**To do**
Starting at the line that contains "执行逻辑:RPA读取文件的完", reproduce every line through the end of the entries below, with no pictures in the copy.

== Excerpted data ==

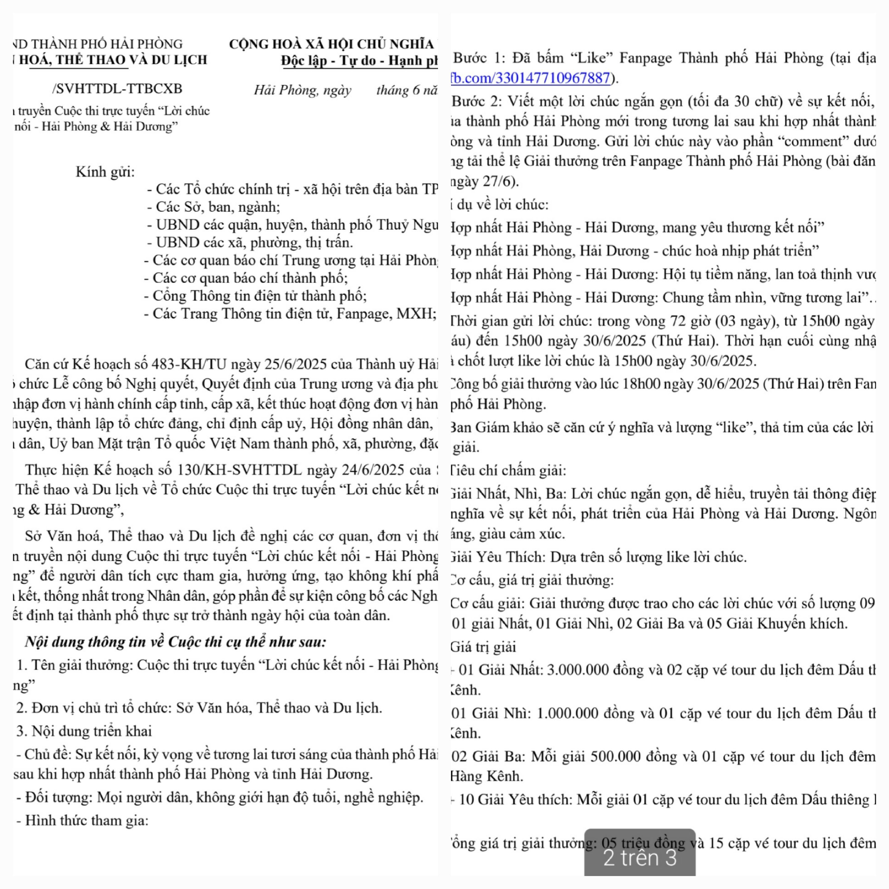 Căn cứ Kế hoạch số 483-KH/TU ngày 25/6/2025 của Thành uỷ Hải Phòng về tổ chức sáp nhập đơn vị hành chính cấp tỉnh, sở Văn hoá, Thể thao và Du lịch tổ chức cuộc thi trực tuyến “lời chúc kết nối - Hải Phòng & Hải Dương” tạo không khí phấn khởi, đoàn kết, thống nhất trong nhân dân.
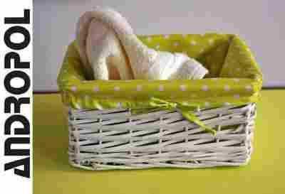 Białe kosze wiklinowe wyściełane są kolorową tkaniną chroniącą zawartość przed zaczepianiem. Idealne na łazienkowe drobiazgi, biżuterię czy skarby w pokoju dziecka.
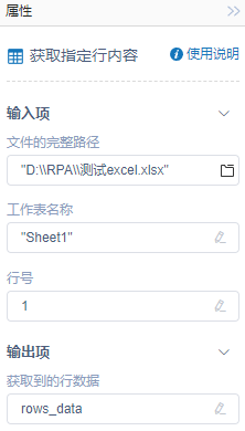 执行逻辑:RPA读取文件的完整路径对应的Excel文件,通过设置的工作表名称列名,获取该列中的数据,并输出到获取到的行数据
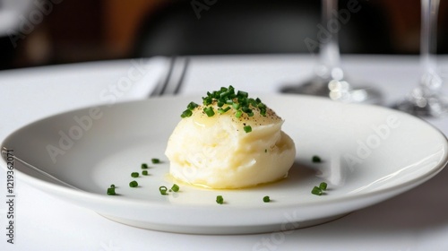 A portion of creamy mashed potatoes is artistically presented on a white plate, topped with fresh chives. This dish is part of a sophisticated meal in an upscale restaurant environment
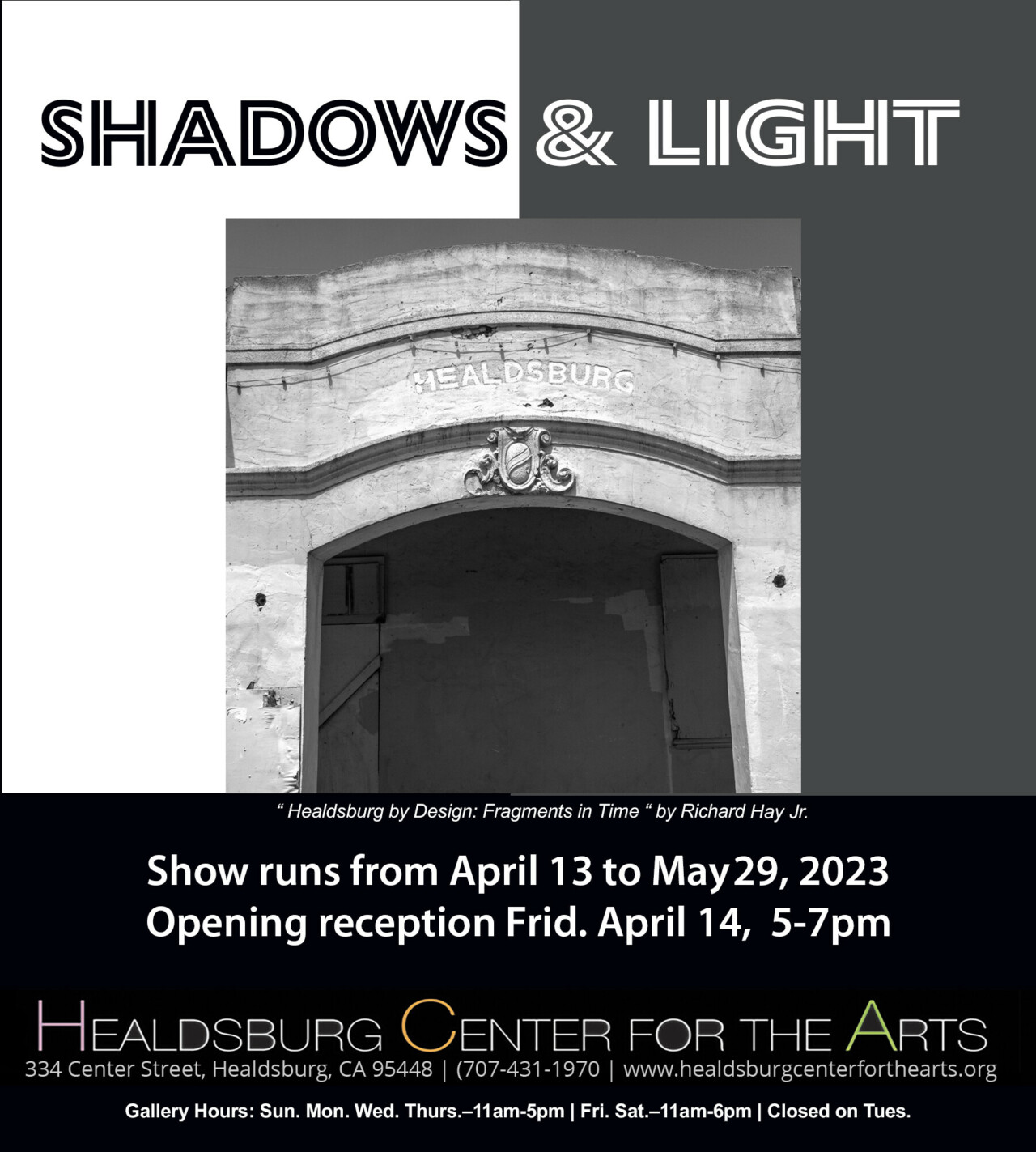 Showing art by 26 artists working in black, white, and gray. Local photographer Richard Hay Jr. debuts his series, Healdsburg by Design–Fragments of Time. The black and white images portray, in exquisite detail, the historic and contemporary structures that embody this 100+ year old town.

===

**Task answer**
 执行逻辑:RPA读取文件的完整路径对应的Excel文件,通过设置的工作表名称列名,获取该列中的数据,并输出到获取到的行数据
 A portion of creamy mashed potatoes is artistically presented on a white plate, topped with fresh chives. This dish is part of a sophisticated meal in an upscale restaurant environment
 Showing art by 26 artists working in black, white, and gray. Local photographer Richard Hay Jr. debuts his series, Healdsburg by Design–Fragments of Time. The black and white images portray, in exquisite detail, the historic and contemporary structures that embody this 100+ year old town.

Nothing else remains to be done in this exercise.